HS filled with fuel? Mine's a Magni, not an Arrow, if that's what you mean.

Cheers,
Paul.

I thought some Magni pilot had written about extending range by actually putting a few gallons of gas in the HS and connecting it to the main fuel tank somehow. Perhaps I am not re-collecting right and mixed someone else up with you. It was a left field idea so I did not try and pay attention to it so much. Sorry about that.
Yes Andreas is carrying 2 10.5 gallon fuel bladders and I designed and fabricated a 17.5 gallon back seat Aluminum tank with a 20 gallon main tank. The flight is supposed to be about 11 hours over the ocean. He will have about a 3 hour reserve.

Trikes have gone around the world a few times now so its not new but an 11 hour flight over the Atlantic ocean in a trike certainly is. I want him to do a thorough test of the fuel system we came up with. It should all logically work but testing is the only way to be sure.

One thing the gyroplane lacks is a place to mount the camera like a trike can out at the wing strut/leading edge junction or on a extended boom in front of the wing's nose. Its such a nice perspective that simply cannot be done in a gyroplane. Did you do any video on your trip?

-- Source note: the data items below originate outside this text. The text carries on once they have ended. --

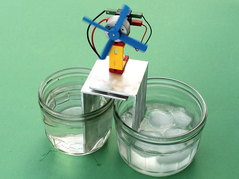 ![]() Art.Nr.: TE4040 Artikel: 27 von 69 | Peltierelement thermoelektrischer EnergiewandlerBausatz PeltierelementPeltierelement thermoelektrischer Energiewandler. Peltierelement montiert zwischen zwei Aluwinkeln. Die Aluwinkeln sind in zwei Gläser eingetaucht. Rechtes Glas ist gefüllt mit Eiswürfeln und kaltem Wasser und linkes Glas mit heißem Wasser. Nach kurzer Zeit beginnt sich die Luftschraube auf der Solarmotorwelle zu drehen. Es kann auch mit einem Digitalvoltmeter die Spannung und der Strom gemessen werden. Ein Peltierelement ist ein thermoelektrischer Energiewandler, der einen Wärmestrom in Elektrizität (Seebeck-Effekt) oder einen Stromfluss in Wärme (Peltiereffekt) umwandelt. In einem Stromkreis aus zwei unterschiedlichen Matalldrähten entsteht eine elektrische Spannung, wenn zwischen den Enden einer Stange jeweils ein Temperaturunterschied herrscht. Diese Effekte endeckte der deutsche Physiker Thomas Johan Seebecker (1770 -1831) zufällig und nutzte diesen Effekt 1821 in einem ersten Thermoelement. Diesem Effekt entscheiden Vorgänge im Leitungsband von Metallen. Dies sind im Metallgefüge freie bewegliche Elektronen, welche je nach Metall ein unterschiedliches Energieniveau aufweisen. Lieferung erfolgt ohne abgebildete Wassergläser ! | |
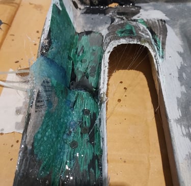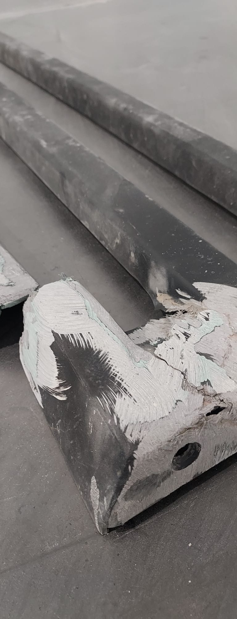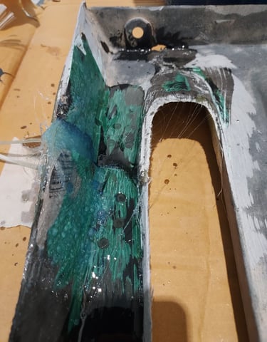 En Reforzado con Fibra hemos recibido un paragolpes de vehículo fabricado en polipropileno, un material poco compatible con las resinas y fibras que usamos habitualmente. Tras estudiar su estado, procedimos a limpiar y lijar la superficie para mejorar el anclaje. Reforzamos la unión mediante perforaciones estratégicas, creando entrelazados con hilo de roving de 800 g para formar una estructura tipo “grapa”. Además, realizamos cortes en forma de canal para generar un agarre mecánico más seguro entre ambas caras. Un trabajo técnico para dar solución a un material desafiante.
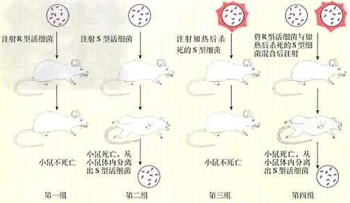 c、实验原理:S型肺炎双球菌使小鼠患败血病死亡;R型肺炎双球菌是无毒性的。
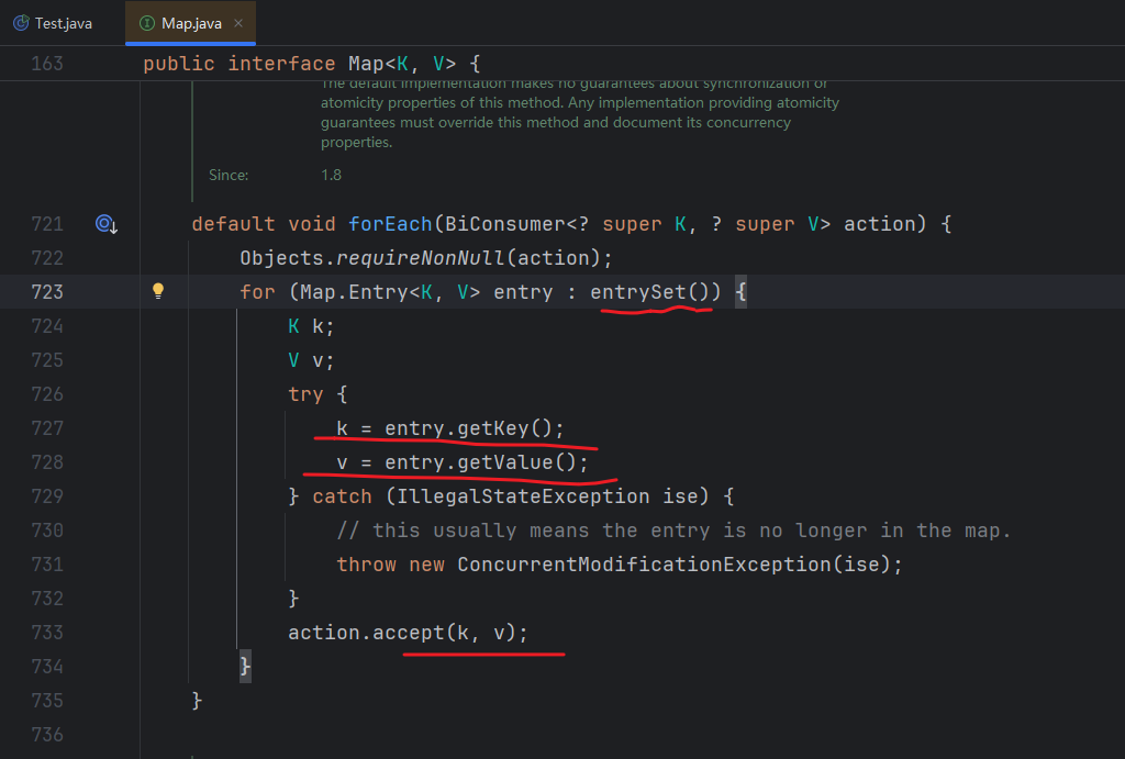 Map类的forEach方法源码如下(基于entrySet遍历):

Would be awesome to see.
 

All_In

Gold Supporter
Joined
Apr 21, 2008
Messages
15,537
Location
San Diego, CA. USA
Aircraft
Piper Archer, Aviomania G1sb
Total Flight Time
Not sure over 10,000+ logged FW, 260+ ultralights, sailplane, hang-gliders
John,
glad it worked. I'd be happy to do a write-up for the magazine - frankly the thing that convinced me more than anything to bite the bullet and learn about gyros was John Craparo's account of his Italian trip to build a Magni in that very mag. Then his record-breaking trip with Dayton was also great fun to read too.

Cheers,
Paul.
You can send it to me or Roy as you wish... Thank you!!